◆ **EXERCISE BRIEF**:
When you reach the line holding "Tropical Oasis Samsung" in the material below, return that line and each one after it, word for word, with the pictures dropped.

◆ **RECORDS SUPPLIED**:
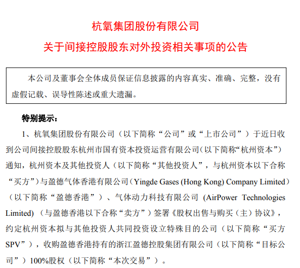 5月4日晚间,位居国内第五的工业气体公司杭氧股份公告,其间接控股股东杭州资本近日和其他投资人及盈德香港、气体动力,签署《股权出售与购买(主)协议》,约定杭州资本拟与其他投资人共同投资设立买方SPV,收购盈德香港持有的目标公司100%股权。
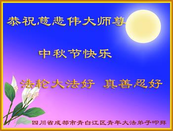四川省成都市青白江区青年大法弟子恭祝慈悲伟大的师尊中秋节快乐!
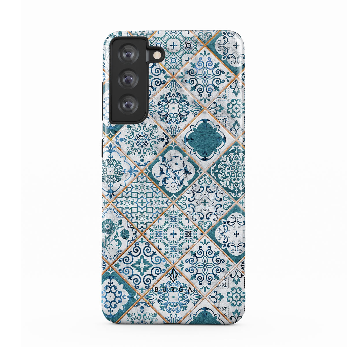 Tropical Oasis Samsung Galaxy S21 FE phone case is inspired by the timeless Moroccan ornaments. Such patterns can be seen all over the fashion industry and always add a touch of exotic. With this popular ornament, you can have a phone case that is both protective and trendy.
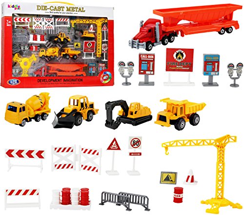 Hours of fun with this great construction play set. The set includes a city street cardboard mat to be played on. All the construction vehicles are functional. The cement tank rotates. Dump truck and bulldozer can be lifted up and down. The excavator can be rotate and the fork is fully functional. The set...
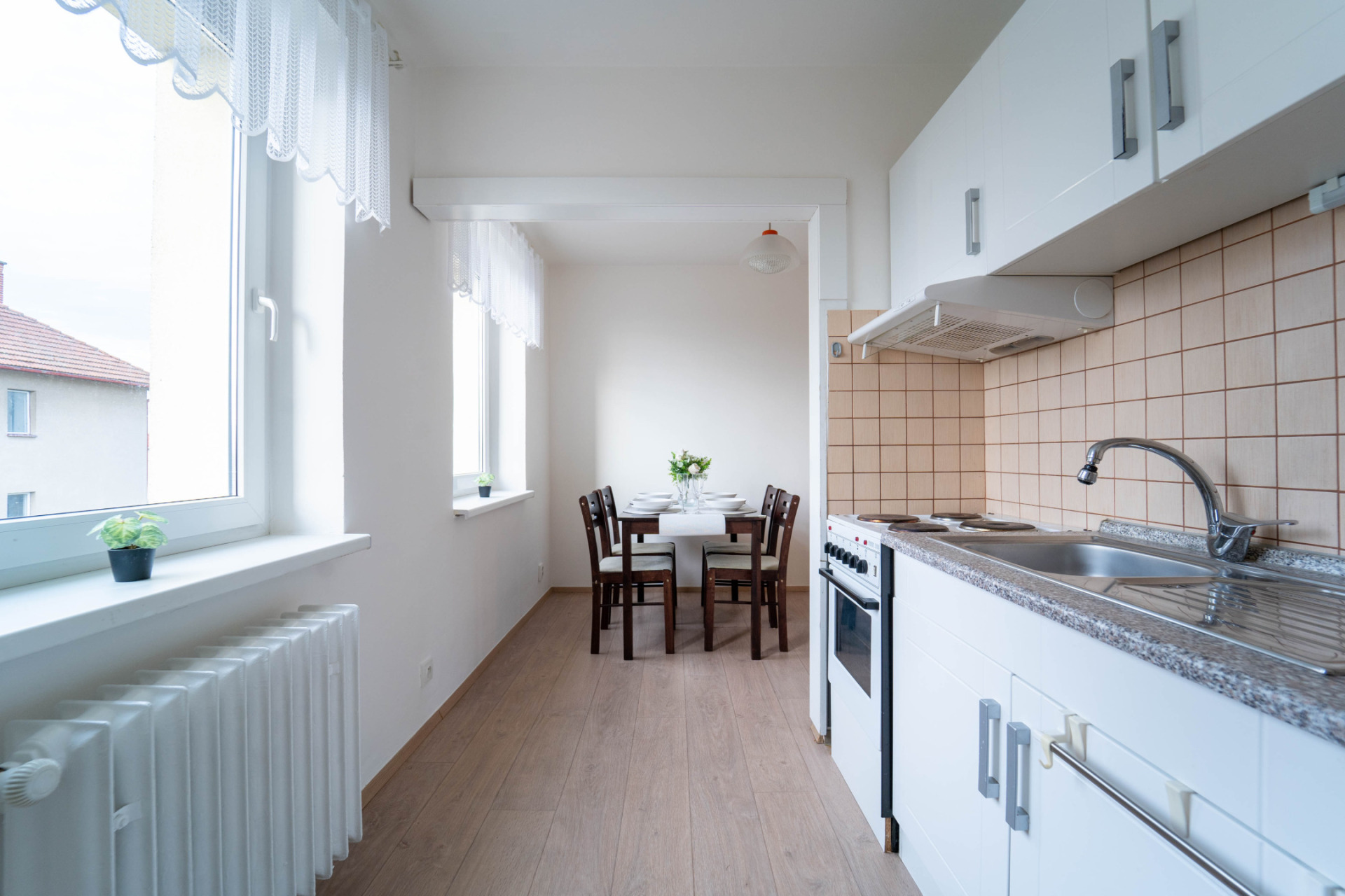Byt je pak ve velmi dobrém stavu se základními opravami a výmalbou, připravený k nastěhování pro nové nájemníky (jednotlivce, pár, či rodinu s max. 2 dětmi - preferujeme dlouhodobý pronájem).
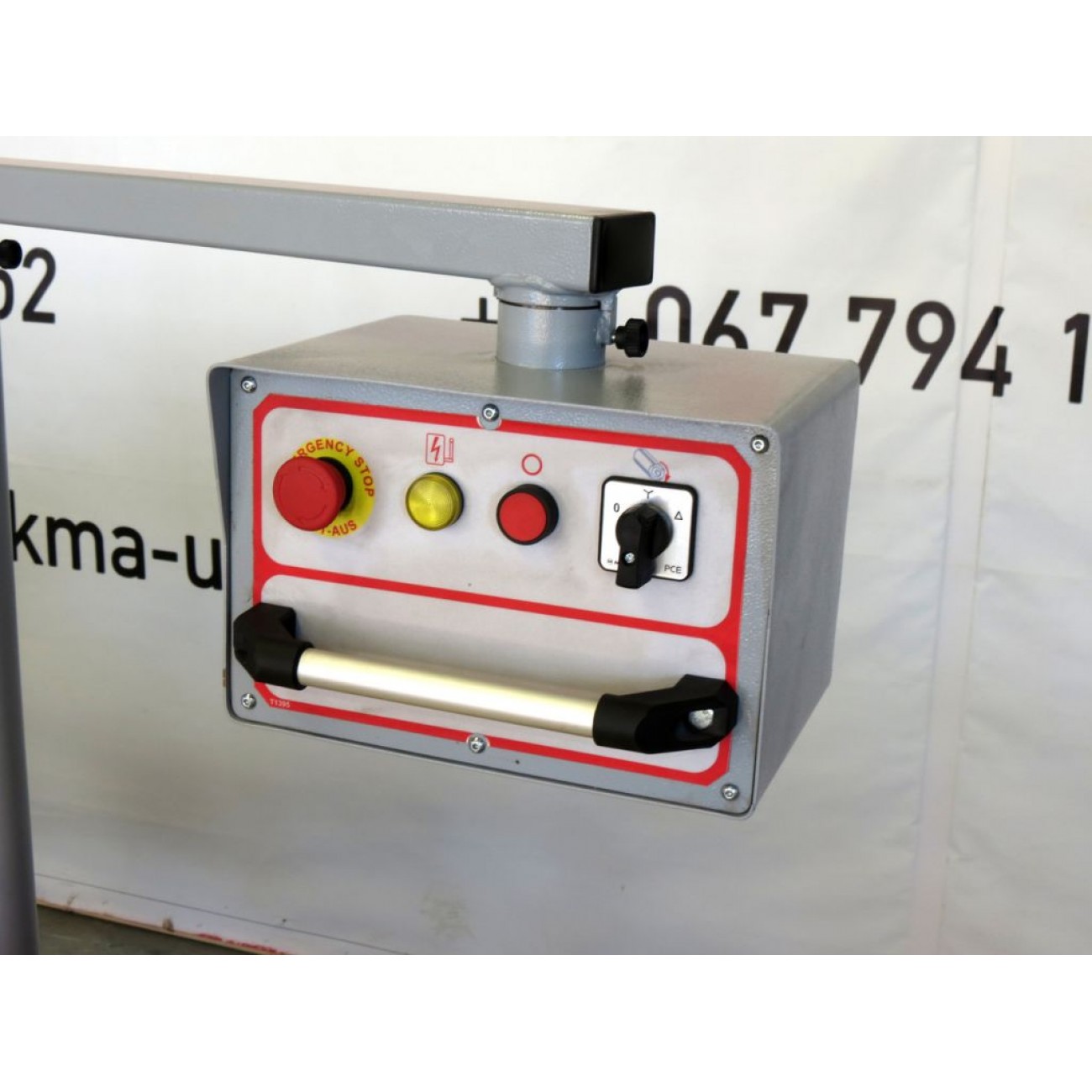 Винесений на рівні очей пульт управління з кнопками включення аварійної зупинки. Встановлений на поворотній консолі, що дозволяє обертати і встановлювати пульт в зручному для оператора місці.
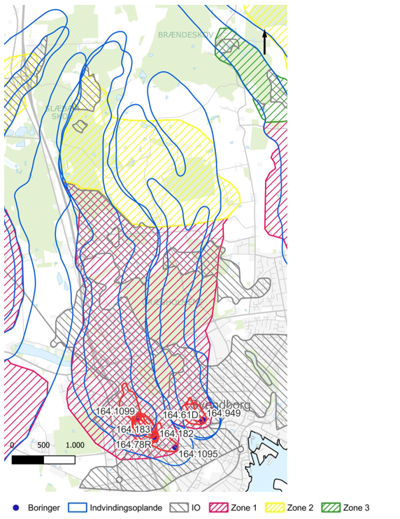 Der er afgrænset indsatsområder indenfor navnlig de sydlige dele af indvindingsoplandene tilhørende Byen kildeplads (tidl. Hovedværket).
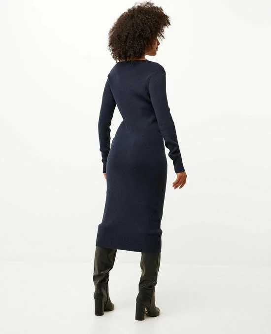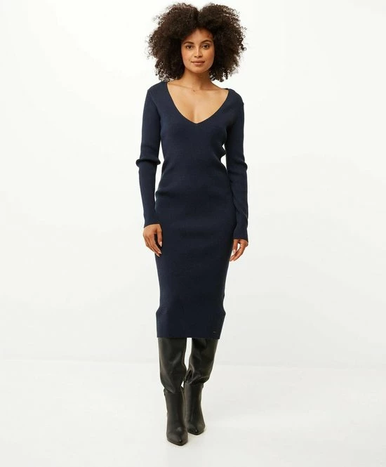 Mexx Dames V-neck Gebreide Jurk Navy

◆ **RESULT OF THE TASK**:
 Tropical Oasis Samsung Galaxy S21 FE phone case is inspired by the timeless Moroccan ornaments. Such patterns can be seen all over the fashion industry and always add a touch of exotic. With this popular ornament, you can have a phone case that is both protective and trendy.
 Hours of fun with this great construction play set. The set includes a city street cardboard mat to be played on. All the construction vehicles are functional. The cement tank rotates. Dump truck and bulldozer can be lifted up and down. The excavator can be rotate and the fork is fully functional. The set...
Byt je pak ve velmi dobrém stavu se základními opravami a výmalbou, připravený k nastěhování pro nové nájemníky (jednotlivce, pár, či rodinu s max. 2 dětmi - preferujeme dlouhodobý pronájem).
 Винесений на рівні очей пульт управління з кнопками включення аварійної зупинки. Встановлений на поворотній консолі, що дозволяє обертати і встановлювати пульт в зручному для оператора місці.
 Der er afgrænset indsatsområder indenfor navnlig de sydlige dele af indvindingsoplandene tilhørende Byen kildeplads (tidl. Hovedværket).
 Mexx Dames V-neck Gebreide Jurk Navy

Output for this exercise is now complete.